私は1番右側のドの鍵盤。私は声を出すのが凄く苦手。だって高い声だから少し出すと喉は痛くなるし、音だってあまり響かない。


でも1番左の貴方が低い音を出す度に私は心が踊った。一緒に88人の仲間と共にやって来たけれど、お隣さんの白鍵と左上の黒鍵しか私の世界は無かった。そんな私の狭い世界を変えたのは貴方の声を聞いた時だ。
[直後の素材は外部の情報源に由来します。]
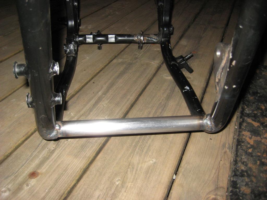There is no bottom front engine mount bolt on the early Z1 motor so you need to weld in a front lower cross tube to gain back some rigidity. The KZ650 frame is pretty rigid stock, if you look at a GPZ750 Turbo frame it is very similar (maybe the tubing has a bigger wall?) The Turbo made about 110HP stock so I am not too worried about any flexing.
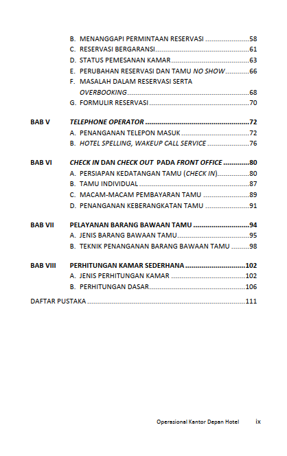 Dalam buku ini, Anda dapat menemukan pembahasan lengkap tentang struktur kerja kantor depan, peralatan yang digunakan, dan berbagai proses layanan yang terjadi setiap hari. Bagaimana cara menangani reservasi, menyambut tamu saat kedatangan, memastikan kebutuhan mereka terpenuhi selama menginap, hingga mengatur keberangkatan dengan rapi.

貴方の声に出会ったのは、このピアノのご主人が音を出している時だった。沢山の声が音符となって飛んでいる時だ。みんなの音の奥に低い存在感のない声がした。それは私とは違って高い声ではなくて優しさに包まれたとても暖かい声だった。


私は自分の高い少し冷たい声にコンプレックスがあったから、初めて貴方の声を聞いた時はその胸をホカホカにする声が羨ましくて、また歌ってくれないかなっと思っていた。


でも、来る日も来る日も貴方の声は聞こえなかった。私はそれでもご主人が私達の声を出す度に貴方を探した。貴方の低い声は全く聞こえない。私は声を出す度に左側の貴方を見ていた。白鍵とは程遠いくらい黄色くなり他の白鍵と見比べるとかなり歳をとっていた。それでも、私は貴方の声が好きだから待ち続けた。


もう聞けないのかなっと思った頃に声の奥に聴こえてくる貴方の声。ずるい。また考えてしまう。


この気持ちは私の中に留めている。隣の子に言ってしまうと隣り合っている私達の噂はすぐに広まってしまうから。もし、貴方に知られたら迷惑をかけてしまう。だから私は言わずに心に閉まっていた。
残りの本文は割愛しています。